**Supplied data**:

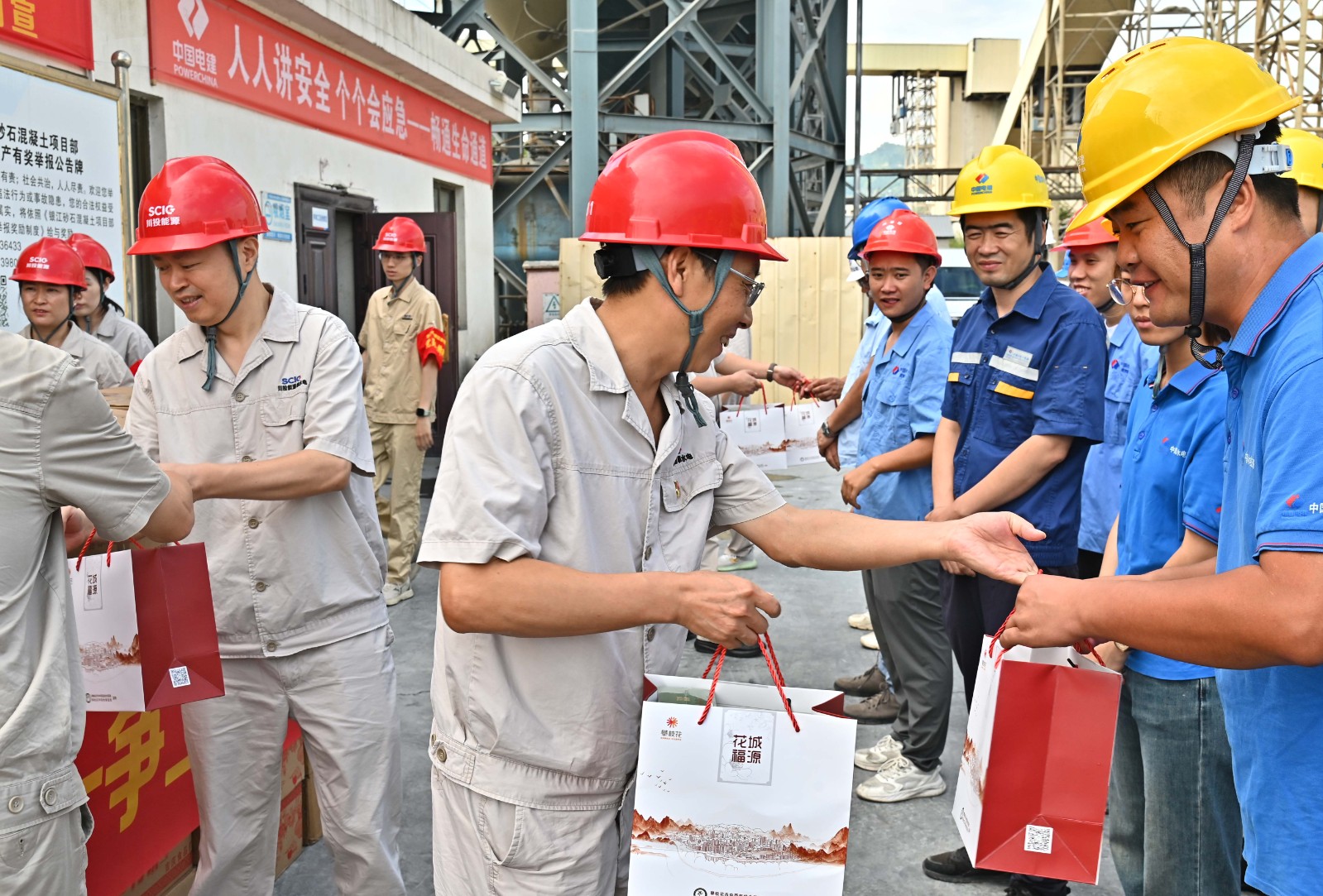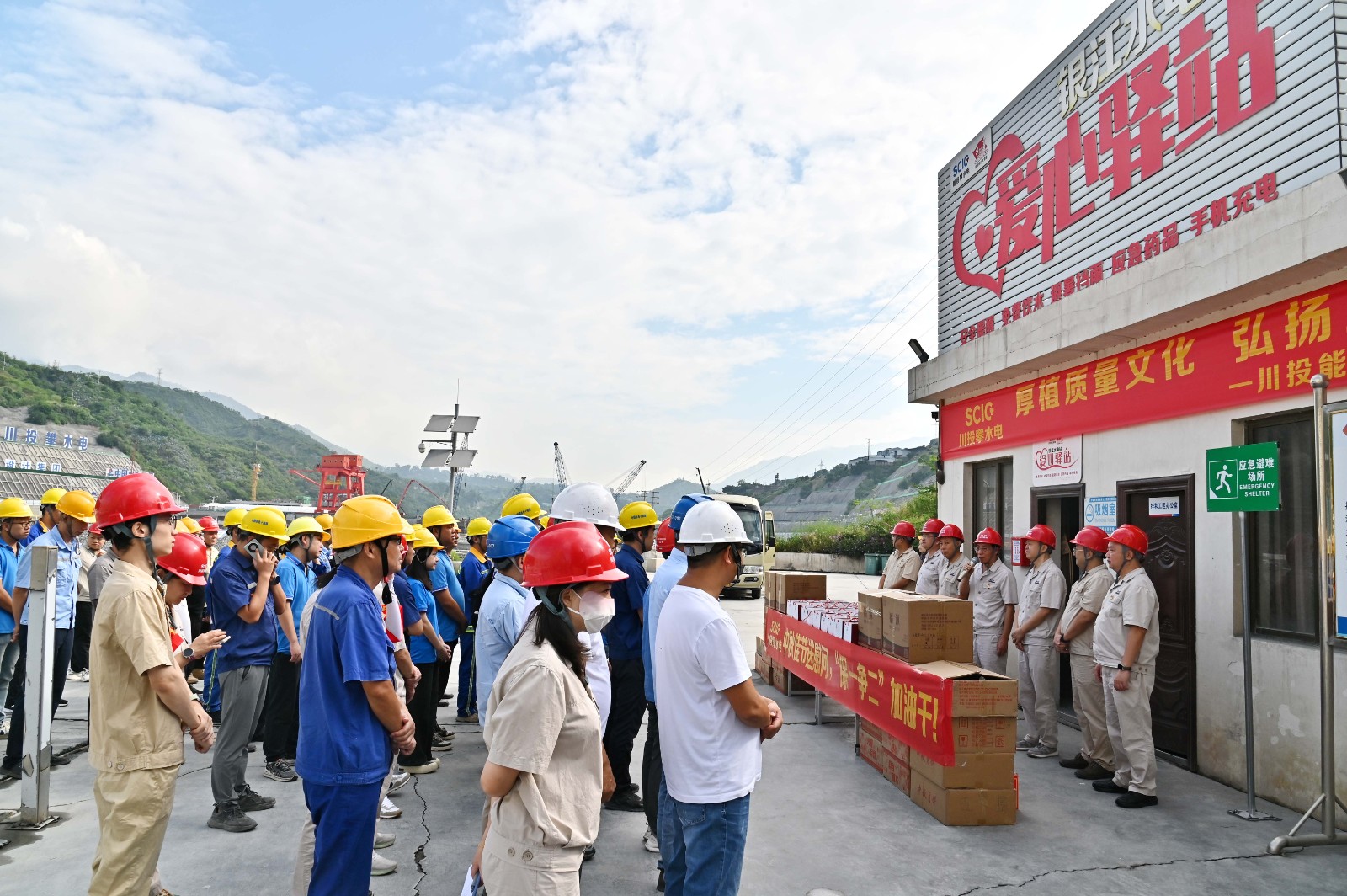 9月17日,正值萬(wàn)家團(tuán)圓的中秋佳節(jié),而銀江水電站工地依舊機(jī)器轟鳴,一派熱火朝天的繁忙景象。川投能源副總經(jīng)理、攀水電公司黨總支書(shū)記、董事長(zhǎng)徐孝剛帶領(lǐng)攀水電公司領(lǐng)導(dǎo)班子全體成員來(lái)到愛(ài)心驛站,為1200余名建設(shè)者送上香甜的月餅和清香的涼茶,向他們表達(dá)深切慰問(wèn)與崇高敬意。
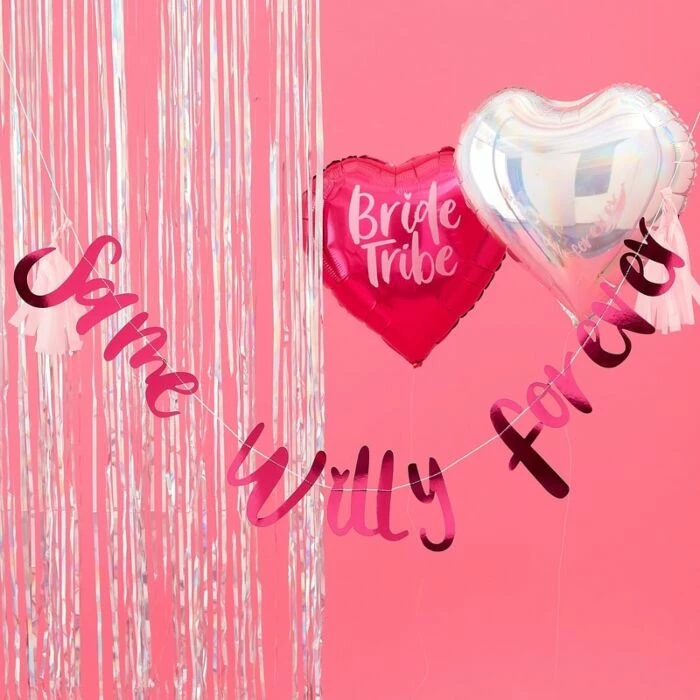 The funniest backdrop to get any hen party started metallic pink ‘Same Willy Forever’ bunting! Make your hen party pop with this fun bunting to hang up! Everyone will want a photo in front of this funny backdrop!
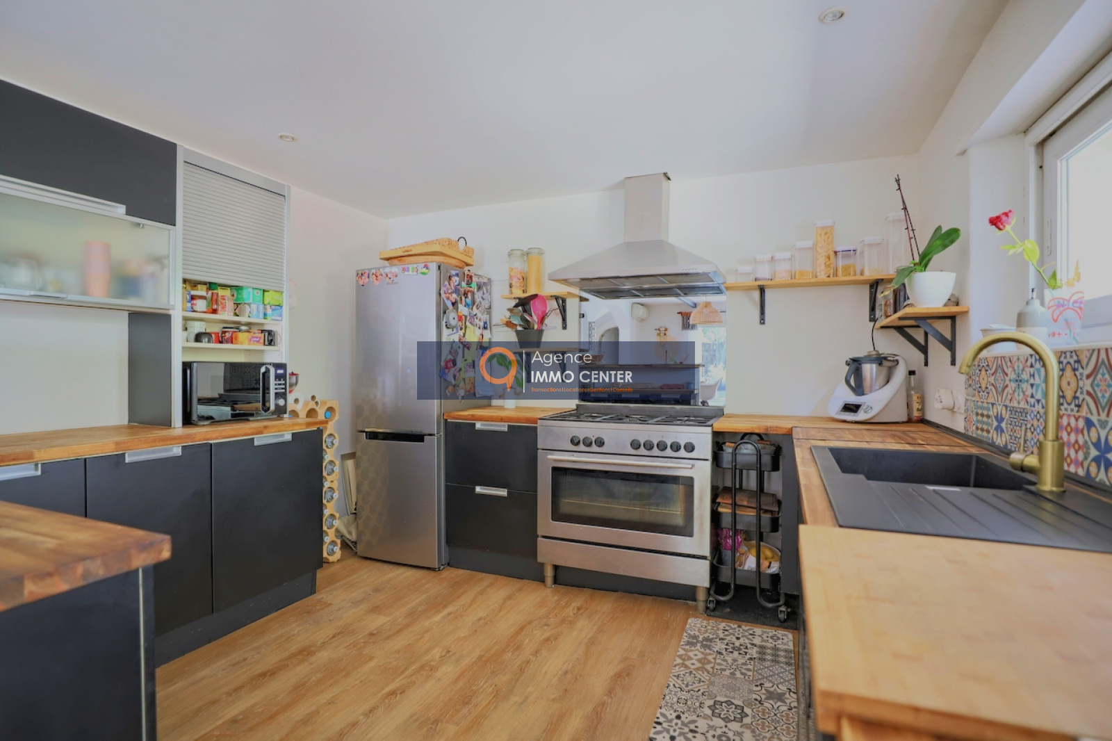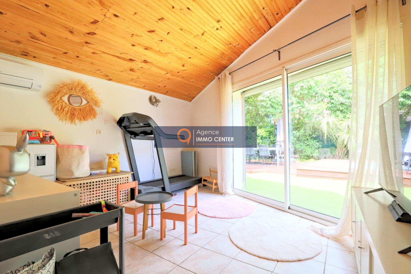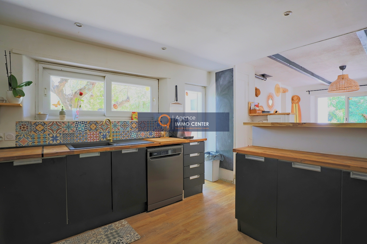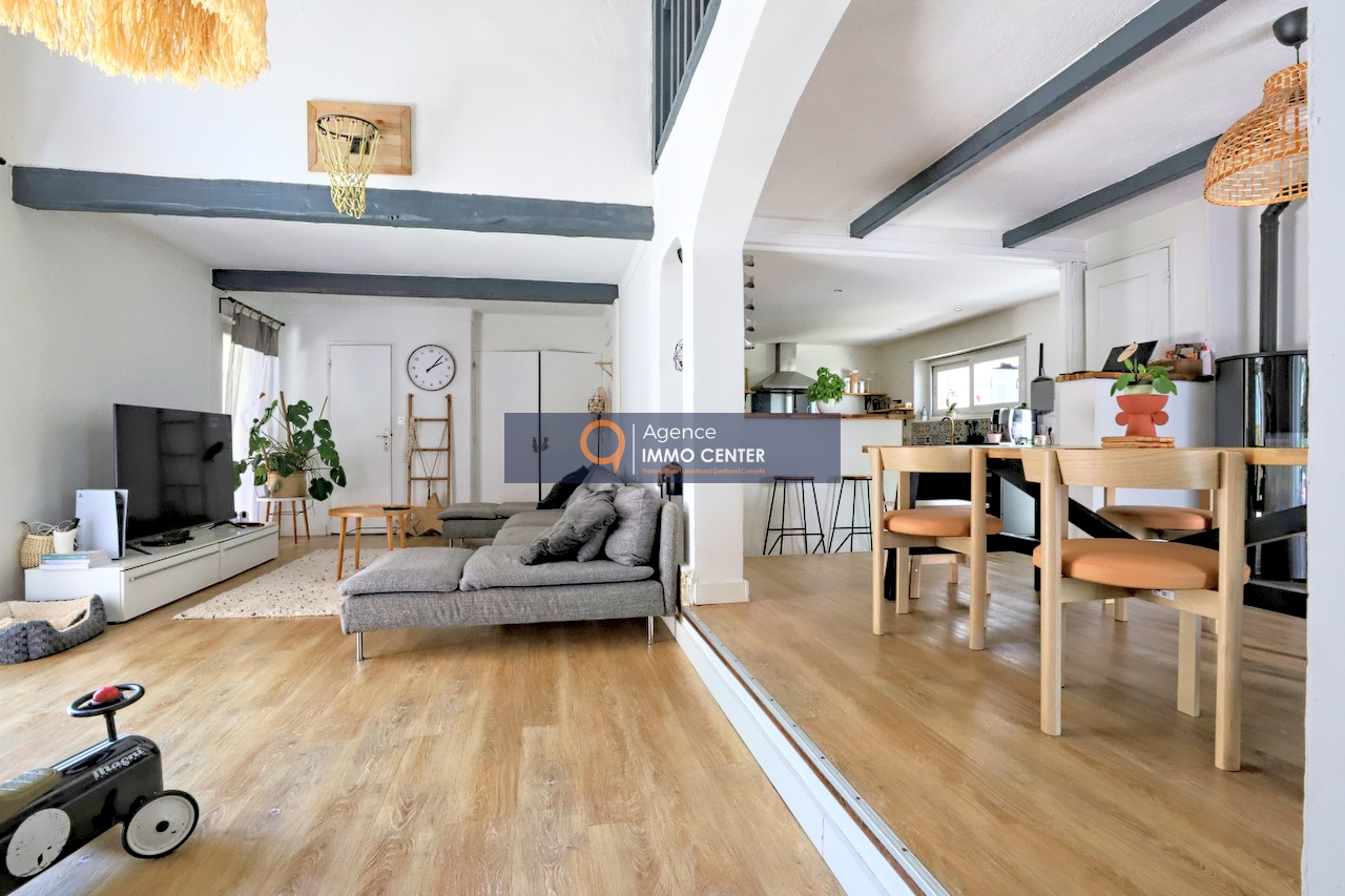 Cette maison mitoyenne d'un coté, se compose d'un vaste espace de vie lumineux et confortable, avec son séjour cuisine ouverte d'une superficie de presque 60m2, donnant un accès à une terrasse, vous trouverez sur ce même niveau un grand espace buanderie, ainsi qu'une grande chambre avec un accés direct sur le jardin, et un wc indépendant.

**Problem**: Give back the whole listing exactly, without pictures.

**Result for this exercise**:
 9月17日,正值萬(wàn)家團(tuán)圓的中秋佳節(jié),而銀江水電站工地依舊機(jī)器轟鳴,一派熱火朝天的繁忙景象。川投能源副總經(jīng)理、攀水電公司黨總支書(shū)記、董事長(zhǎng)徐孝剛帶領(lǐng)攀水電公司領(lǐng)導(dǎo)班子全體成員來(lái)到愛(ài)心驛站,為1200余名建設(shè)者送上香甜的月餅和清香的涼茶,向他們表達(dá)深切慰問(wèn)與崇高敬意。
 The funniest backdrop to get any hen party started metallic pink ‘Same Willy Forever’ bunting! Make your hen party pop with this fun bunting to hang up! Everyone will want a photo in front of this funny backdrop!
 Cette maison mitoyenne d'un coté, se compose d'un vaste espace de vie lumineux et confortable, avec son séjour cuisine ouverte d'une superficie de presque 60m2, donnant un accès à une terrasse, vous trouverez sur ce même niveau un grand espace buanderie, ainsi qu'une grande chambre avec un accés direct sur le jardin, et un wc indépendant.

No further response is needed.